Fineweb release: FineWeb dataset, a collection of text datasets from the web (CommonCrawl), released under a license (ODC-By).

Dolma update: Dolma, a 3 trillion labeled dataset of web content, academic publications, code, books, and encyclopedic material, has released an updated version.

Snowflake’s Arctic base model: Snowflake released Snowflake Arctic and published a detailed exploration of its model, which uses a mixed-expert architecture that enhances its ability to handle a variety of AI tasks.

Innovation from startup Answer.AI: Answer.AI published an article and released code for its FSD/DORA approach, which allows training large-scale llama3 on just two video cards with 24GB of video memory each, demonstrating an efficient way to manage resource-intensive AI training.

Volumetric Flow Meter (VLM):

InternVL 1.5: This open source model has a powerful visual encoder and is trained on high-quality datasets for images of various sizes, from 448×448 to 4kx4k. In some ways, InternVL 1.5 outperforms top commercial models such as GPT-4v, Claude Opus, and Gemini 1.5 Pro.

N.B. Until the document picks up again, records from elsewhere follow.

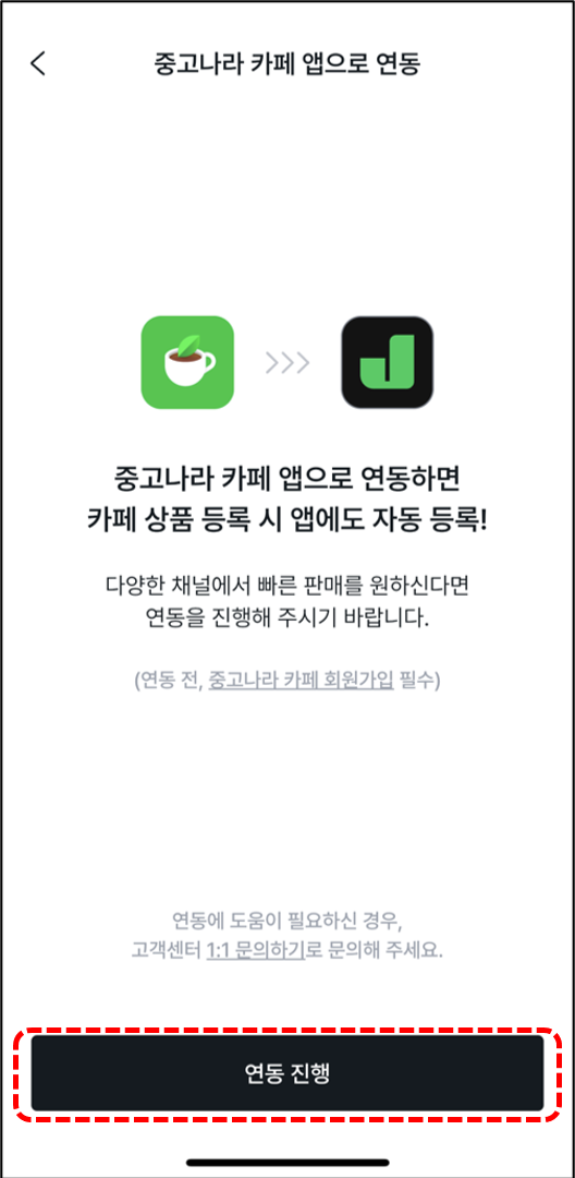(카페 상품 앱 자동등록 연동이 완료되어야 앱 회원과 거래가 가능합니다!)
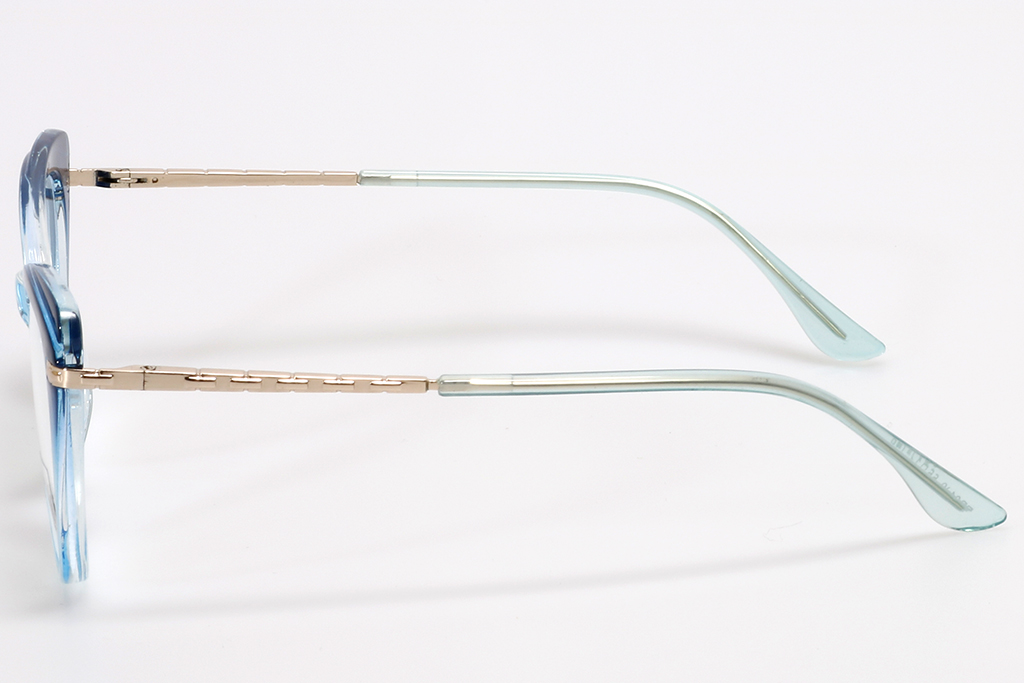 -Комбинация из пластикового ободка и металлического заушника, где присутствуют модели с цветовым переходом, а ещё варианты из прозрачного цветного пластика. На заушниках некоторых моделей имеются геометрические и орнаментальные декоративные элементы.
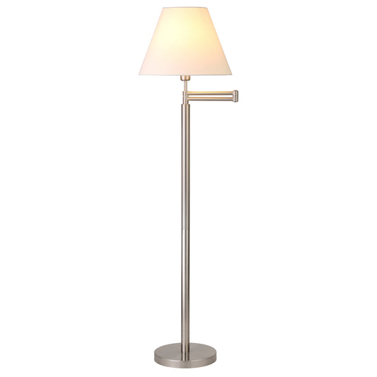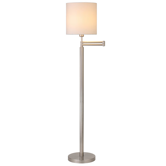 62" Nickel Swing Arm Floor Lamp With White Frosted Glass Drum Shade
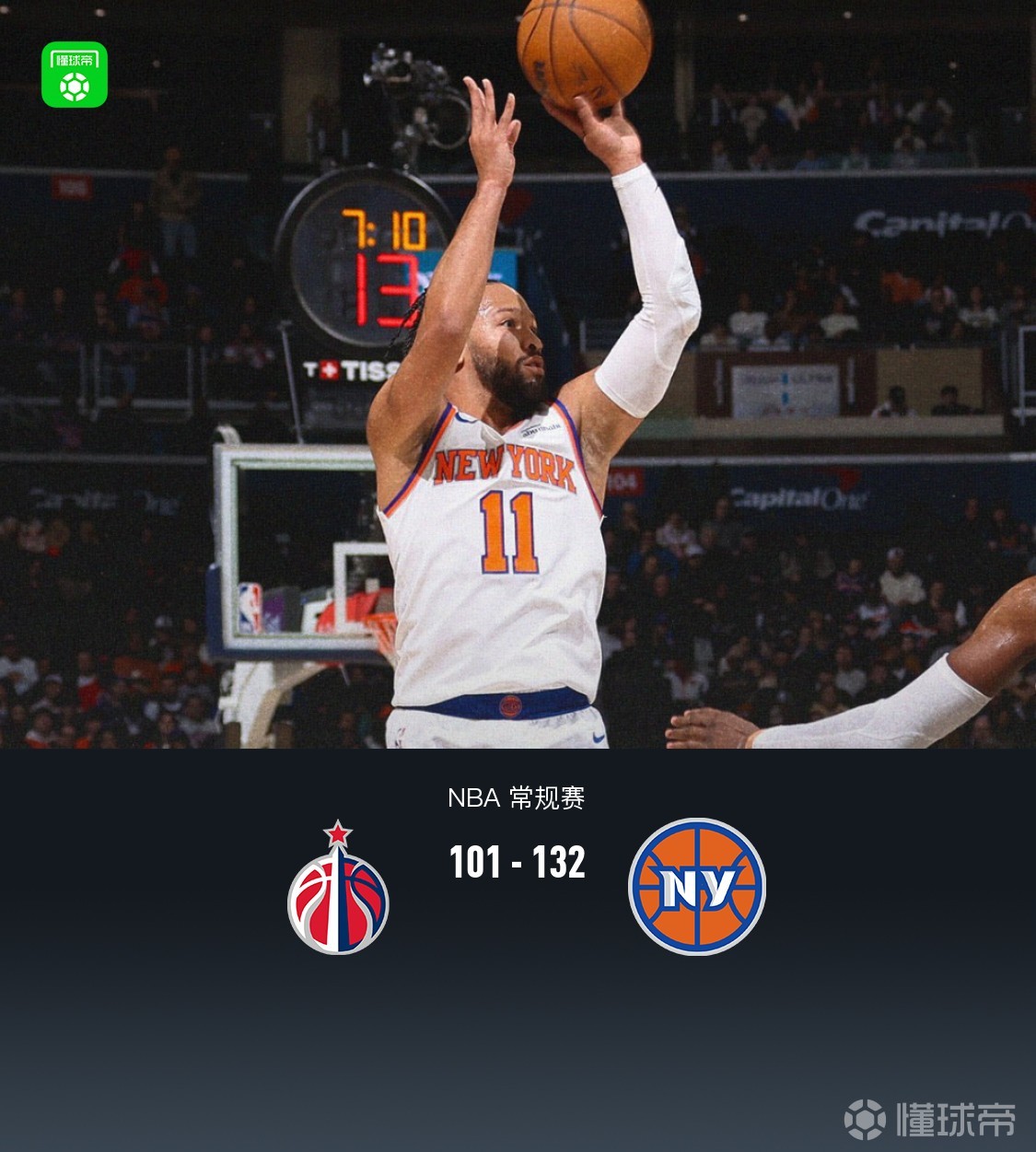 華盛頓奇才威爾-萊利17分5板1助,卡林頓14分2板1助;紐約尼克斯米卡爾-布里奇斯23分4板5助,布倫森21分1板4助。
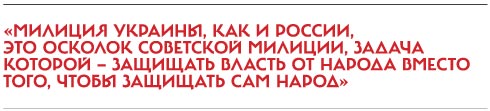 Три процента доверия Украинская милиция страдает тем же набором болезней, что и все постсоветские институты охраны порядка, только в более острой форме, чем большинство из них. «Милиция Украины, как и России, это осколок советской милиции, задача которой — защищать власть от народа вместо того, чтобы защищать сам народ», — говорит Геращенко.
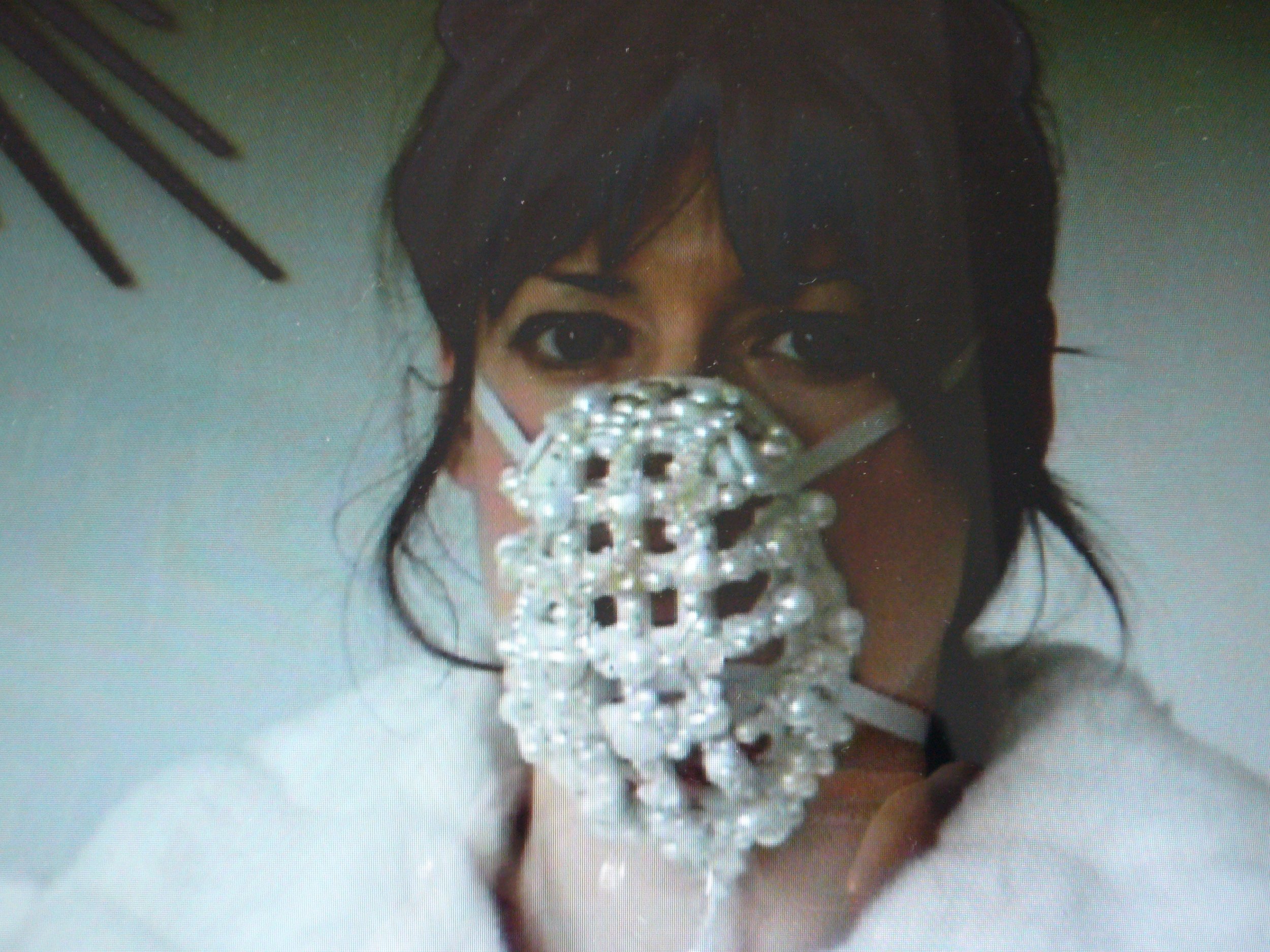 Digital stills of performance with performer wearing customised dog muzzle
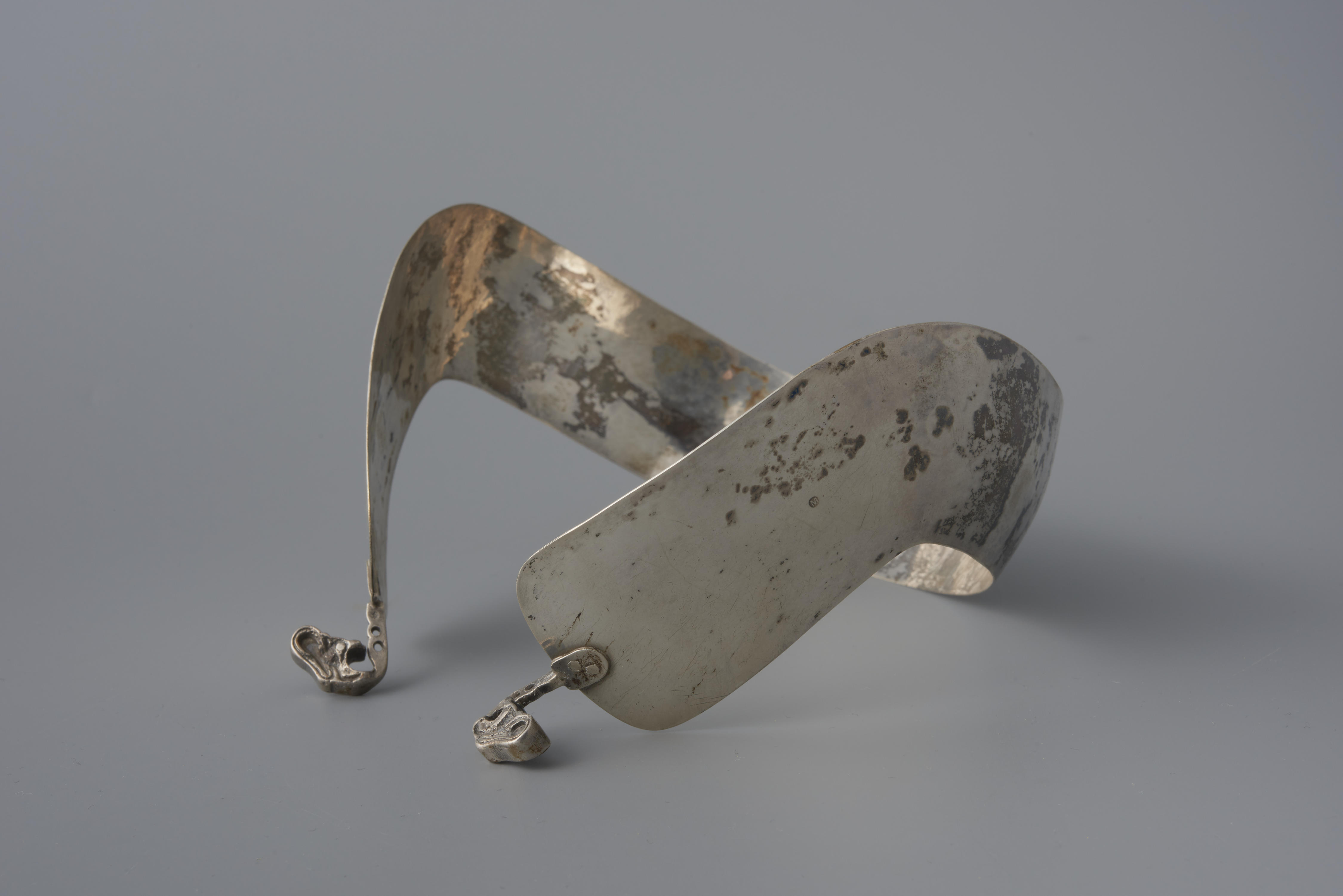 Zilveren oorijzer, gedragen door een vrouw of ouder meisje in streekdracht van het eiland Urk. Aan de uiteinden van de beugel zijn twee gegoten zilveren 'knoppen' bevestigd. In de aanzet van de knoppen zitten twee gaatjes, waardoor spelden gestoken kunnen worden om de muts aan het oorijzer vast te steken. De uiteinden van het Urker ...

New Benchmark for Testing Visual Language Models (VLM): A new version of the benchmark designed for testing visual language models on images containing a lot of text has been released. This benchmark aims to provide a more rigorous evaluation of VLM's performance in handling complex visual-textual interactions, which is critical for improving its real-world applications.

Video Generation:

Microsoft's Talking Head Model: Microsoft has introduced a new model that generates "talking face" videos from audio input and photos. The model uses a diffusion model and significantly outperforms previous methods on all major performance metrics. This release has the potential to revolutionize the way dynamic video content is created from static images and sounds.

Image Generation:

Imgsys Text-to-Image Model: A new platform called Imgsys has been launched to facilitate pairwise comparisons and build Elo ratings for various text-to-image models. This includes checkpoints for models such as SDXL as well as standalone models comparable to Pixart-Sigma.

NVIDIA’s Diffusion Model Enhancements: NVIDIA published two papers detailing methods for improving image generation quality using diffusion models without direct model retraining. The first method leverages classifier-free scheduling to enhance image sharpness, while the second method optimizes the denoising step to further optimize the output.

Improved Portrait Generation IP Adapter: We developed an enhanced IP adapter for generating accurate and detailed portraits from photographs. The tool uses advanced image processing techniques to improve the realism and quality of generated portraits.

Meta’s Diffusion Model Acceleration: Meta published a paper detailing their new method, “Imagine Flash,” to accelerate diffusion models through a technique called “reverse distillation.” This method significantly speeds up the processing time of diffusion models while maintaining or even improving the quality of generated images.

Adobe Firefly v3 for Photoshop: Adobe has introduced Firefly v3, a new version of its integration into Photoshop. The tool allows users to degrade specific objects, change backgrounds, and generate new images from scratch.